Single by Shizuka Kudo
- Released: June 5, 1996
- Genre: Pop;
- Length: 4:54
- Label: Pony Canyon
- Songwriters: Aeri; Hideya Nagazaki;
- Producers: Shizuka Kudo; Hideya Nagazaki;

Shizuka Kudo singles chronology
| "Chō" (1996) | "Yū" (1996) | "Gekijō" (1996) |

Audio sample
- "Yū"file; help;

= Yū (song) =

"Yū" is a song recorded by Japanese singer Shizuka Kudo, released as a single through Pony Canyon on June 5, 1996. It featured as the theme song on the ninth and penultimate installment of the Gokudō no Onna-tachi Yakuza film series, Gokudō no Onna-tachi: Kiken na Kake (1996), starring Kudo herself.
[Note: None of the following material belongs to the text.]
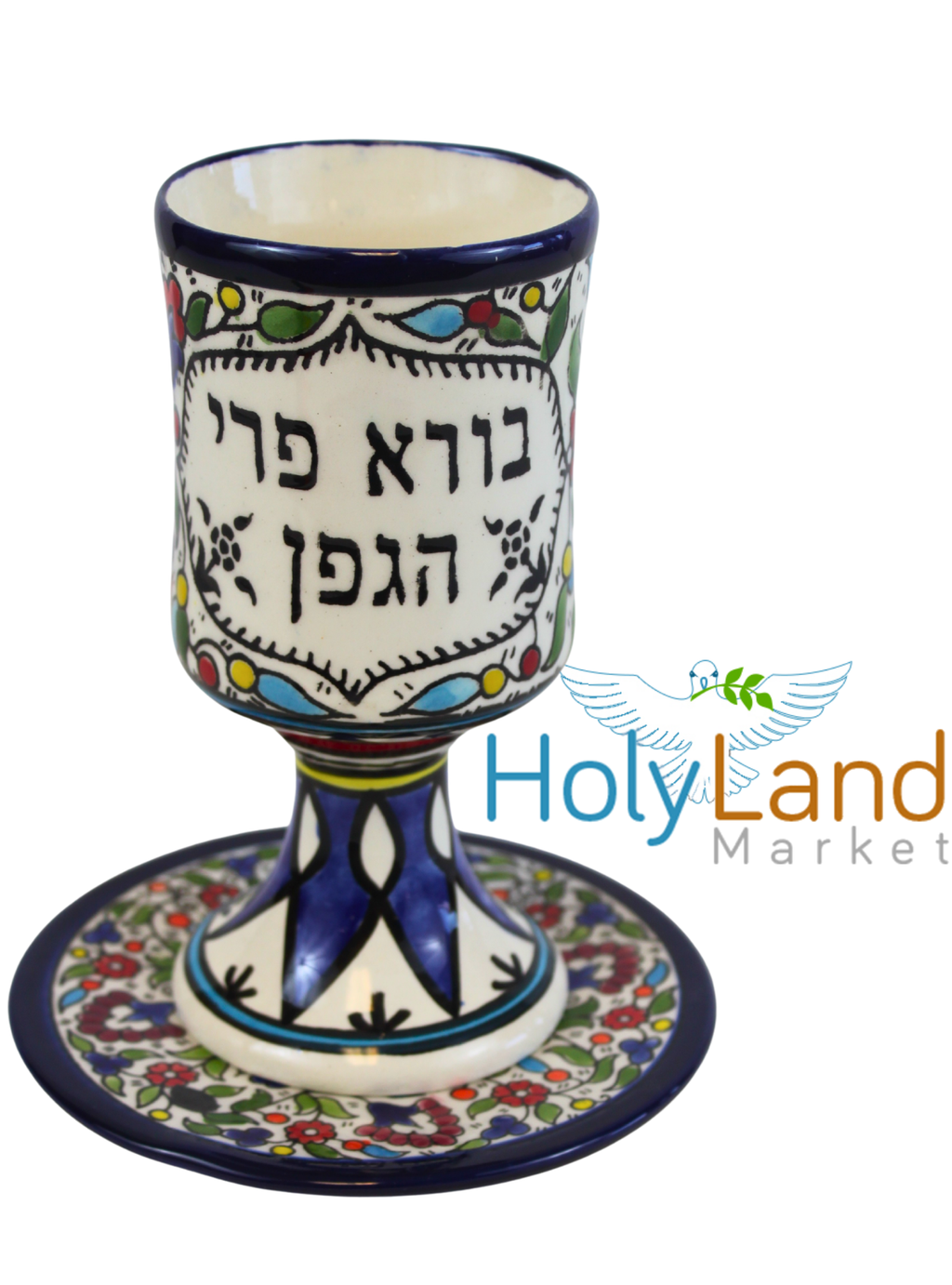 Holy Land Market Borei Pri Hagafen Ceramic Kiddush Cup & Plate for Shabbat/Seder - 5.5 in - Asfour Outlet

The coupling song "Luna (Tsuki no Megami)", which was first included on Kudo's album, Doing, a month prior, is the theme song to the film Bakusō! Moon Angel: Kita e (1996), starring Kudo as a female truck driver in her first cinematic role since Future Memories: Last Christmas. The song was recut as a B-side to "Yū" to promote the film.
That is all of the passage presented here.